How do you guard against judge-LLM bias?

Three techniques. First, use a different model family as judge than as generator — a Claude-judge on a GPT-generated answer, or vice versa — because models prefer their own style. Second, randomize position when the metric is pairwise (LLMs have a strong "first answer wins" bias). Third, calibrate periodically: have a human label 50–100 examples and check the judge's agreement with humans (Cohen's kappa); if it drops below ~0.6, re-prompt or switch judge. For high-stakes deployments, ensemble multiple judge models and take majority vote.

How do you build a gold dataset without spending months?

Bootstrap with a synthesizer: feed RAGAS or a custom prompt your corpus and have an LLM generate (question, answer, source_chunks) tuples, then hand-review and edit. 200–500 high-quality examples beats 5,000 noisy ones. Stratify across question types (factoid, multi-hop, comparison, "no answer") and document types so a single bad slice can't dominate the score. Keep a separate "regression set" of every real-world bad answer a customer reported — those are the cases that actually matter.

Where in CI does the eval run, and what does it block?

I run RAGAS as a GitHub Actions job on every PR that touches the prompts/, retrieval/, or models config directory — gated by path filters so docs PRs don't trigger it. The job loads the gold set, runs the new pipeline, scores all four metrics, and diffs against eval/baseline_scores.json in the repo. Any metric dropping more than 1.5 points fails the check; the dev either fixes the regression or commits a new baseline with a justification in the PR description. Results are uploaded as an artifact so the diff is reviewable.

Why is faithfulness low even when the right context was retrieved?

Usually one of: the prompt doesn't tell the model "answer only from the provided context", so it pads with prior knowledge; the chunks contain conflicting information and the model picks the more popular fact rather than the cited one; or the answer paraphrases so loosely the claim-extractor can't match it back to the source.
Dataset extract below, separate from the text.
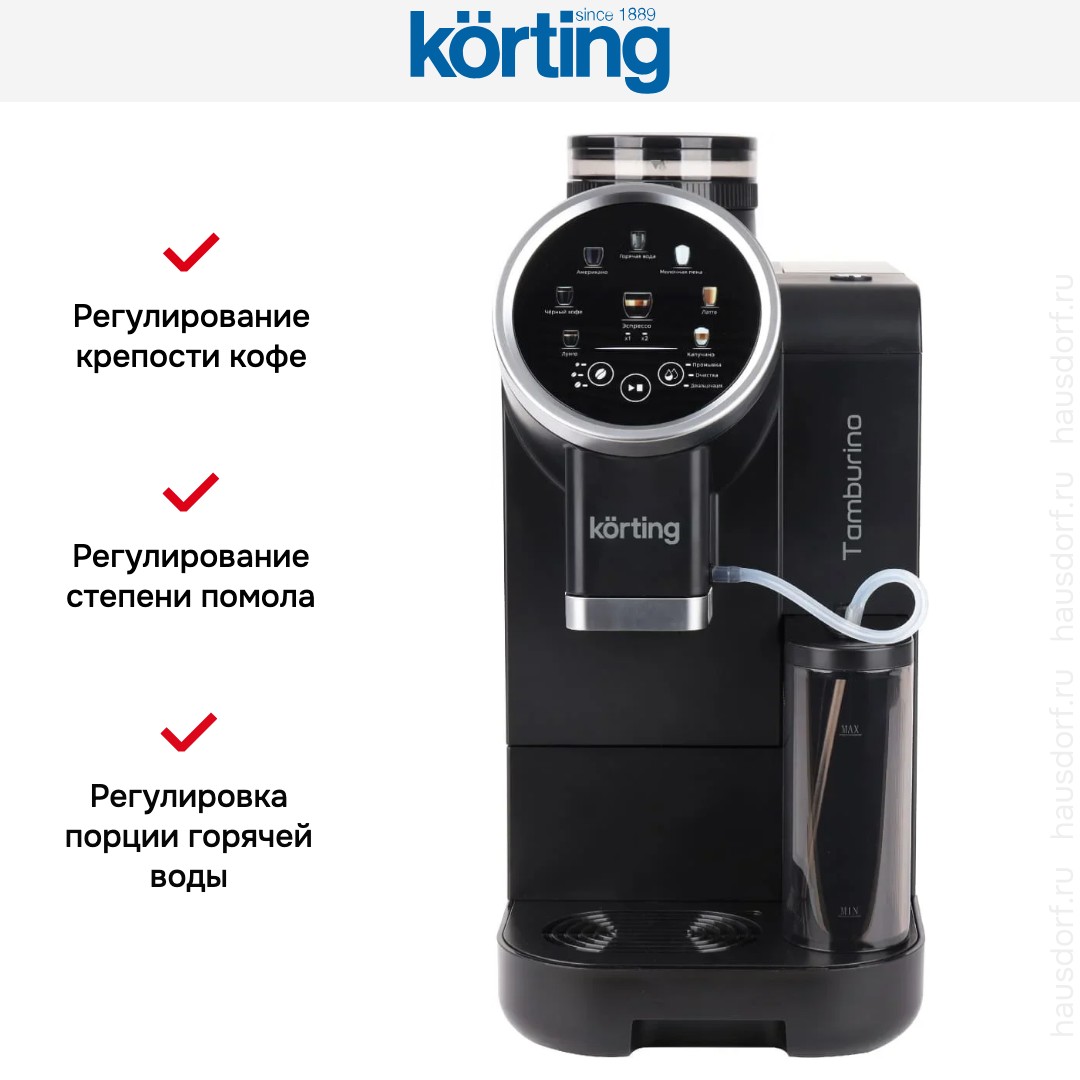 Кофемашина Korting KACM 2028 N Tamburino — стильный прибор для тех, кто ценит вкус и удобство. Аппарат сочетает строгий черный цвет с элементами нержавеющей стали, что делает его универсальным для любой обстановки. Компактные габариты 44×19×41 см и вес 8.7 кг позволяют разместить устройство даже на узкой рабочей поверхности. Сенсорные переключатели и информативный дисплей гармонично вписаны в панель управления, а мягкая подсветка индикаторов подсказывает текущее состояние системы.

Fixes in order of effort: tighten the system prompt with explicit "if not in context, say I don't know"; add a re-ranker so the most-supporting chunk is at the top; switch to a larger model — small models hallucinate more even with good context.
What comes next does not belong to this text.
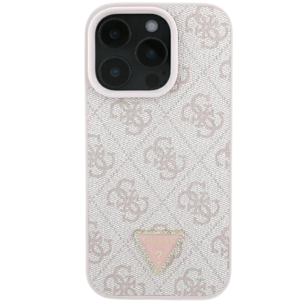 The uniqueness of this collection is highlighted by the delicate eco-leather, adding elegance and subtle charm. The high-quality 4G print gives it style and sophistication. Completing this refined collection is the logo patch on the case. Guess in a characteristic triangular shape adorned with crystals, which stands out against the entire design and emphasizes its exclusive nature.

How do you handle cost when the eval set grows?

Each RAGAS run is N samples × ~5 LLM calls per sample, so 500 samples on GPT-4o is real money per CI run. Mitigations: use a cheaper judge (GPT-4o-mini or Claude Haiku) for nightly runs, reserve the strong judge for release gates. Sample stratified subsets for PR-level checks (~50 examples) and run the full set on main. Cache judge responses by (sample_id, pipeline_hash) so re-runs on the same code are free. Track $/run as its own CI metric so cost regressions get caught.